El le cousin, descendant de voiture, alla cueillir à une vigne voisine une belle feuille comme grêlée de petites taches bleuâtres, indiquant qu'elle avait été vigoureusement sulfatée.
— Celle-là, nous dit-il, en montrant avec orgueil une superbe vigne, elle m'appartient. Ah ! si toutes les autres lui ressemblaient !

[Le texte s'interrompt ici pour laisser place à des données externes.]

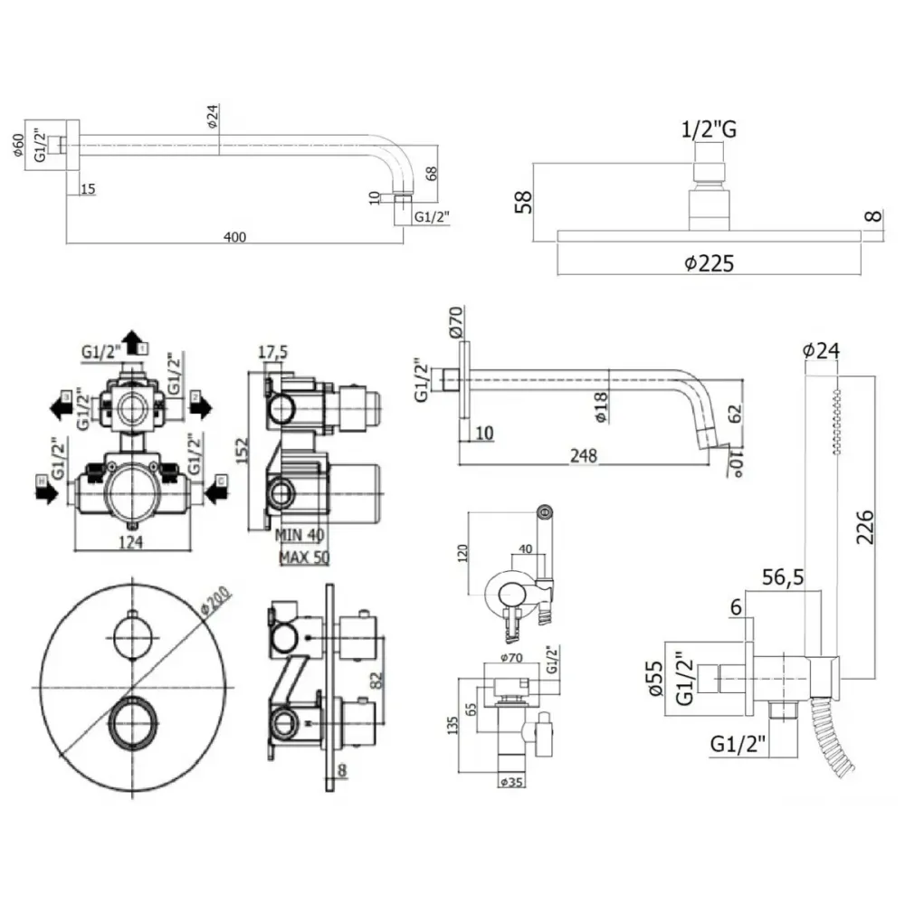 • LIQ019BO Смеситель термостат встраиваемый для душа 3 выход с накл.металл диам.200мм, девиатор-картридж, 3 положения+3 комбо со стоп, белый матовый, Pa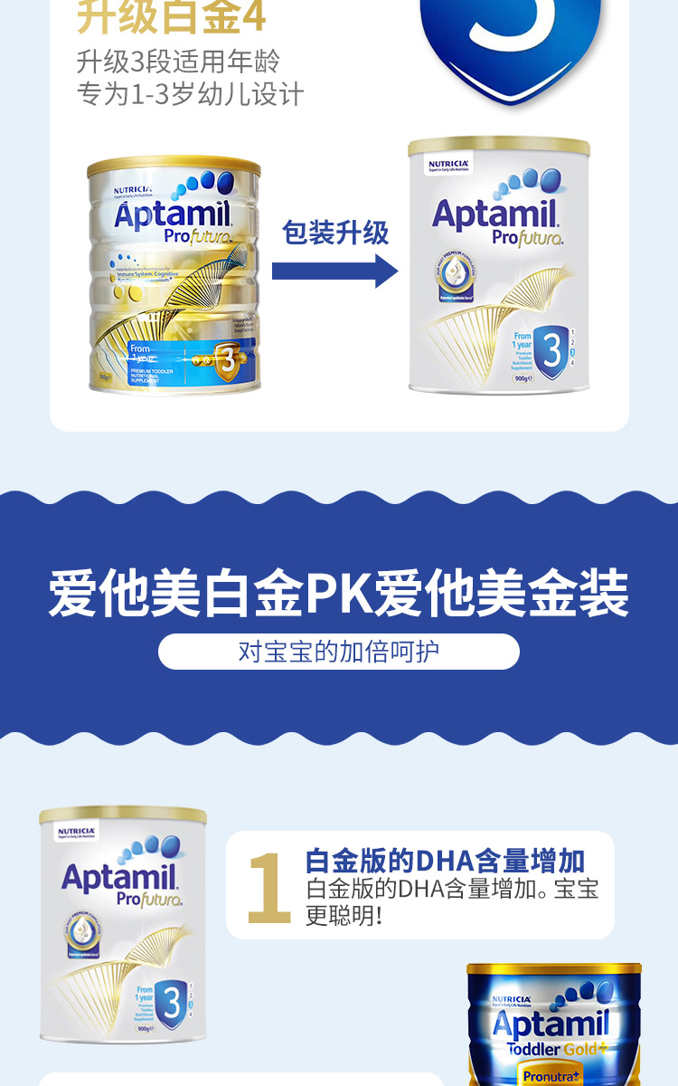 澳洲Aptamil爱他美铂金装二段 900g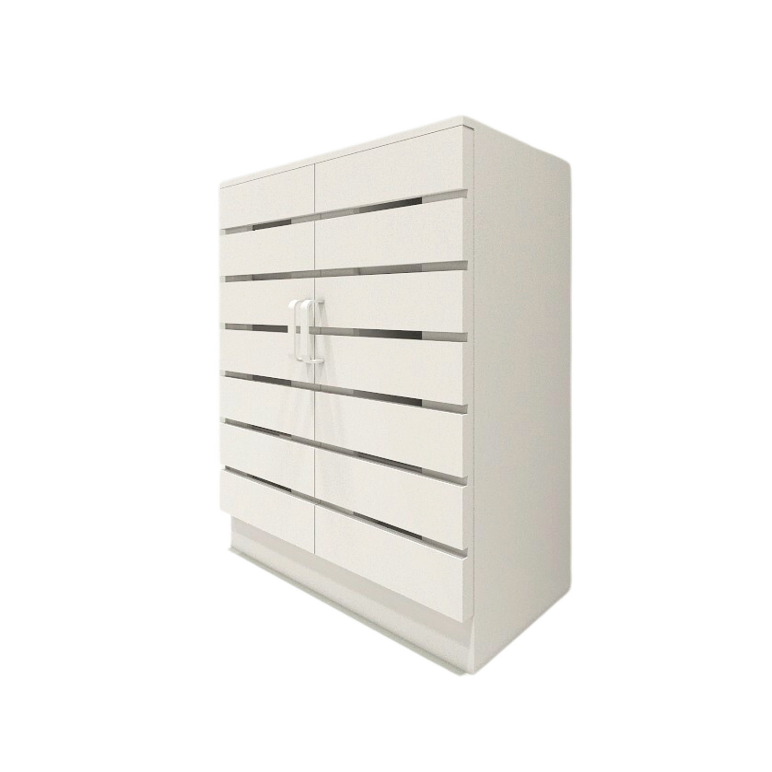 Modern Aesthetic – Clean white finish with horizontal line accents that blend seamlessly with any interior style.

Pierre avait écouté très attentivement notre conversation et était resté rêveur. Dix jours après, comme nous revenions
au logis tous les deux, lui pour rentrer à l'école, moi pour reprendre mes affaires, la maman et Lucette restant encore quelque temps à Cerdon, Pierre me dit :
— Papa !
— Mon fils !
— Je veux planter une vigne le long du mur de mon petit jardin.
— Pourquoi faire?
— Parce que j'ai remarqué qu'à Cerdon tous les habitants sont un peu tristes. On m'a dit que cela tenait au mauvais état de leurs vignes et je voudrais trouver le remède du phylloxéra.
— Ne te fais pas d'illusions, mon ami, j'ai bien peur que tu n'y arrives pas. Mais je ne demande pas mieux que de faire planter une vigne dans ton jardin. Elle te rappellera la bonne idée que tu as eue de vouloir venir en aide aux pauvres gens. 
G. C.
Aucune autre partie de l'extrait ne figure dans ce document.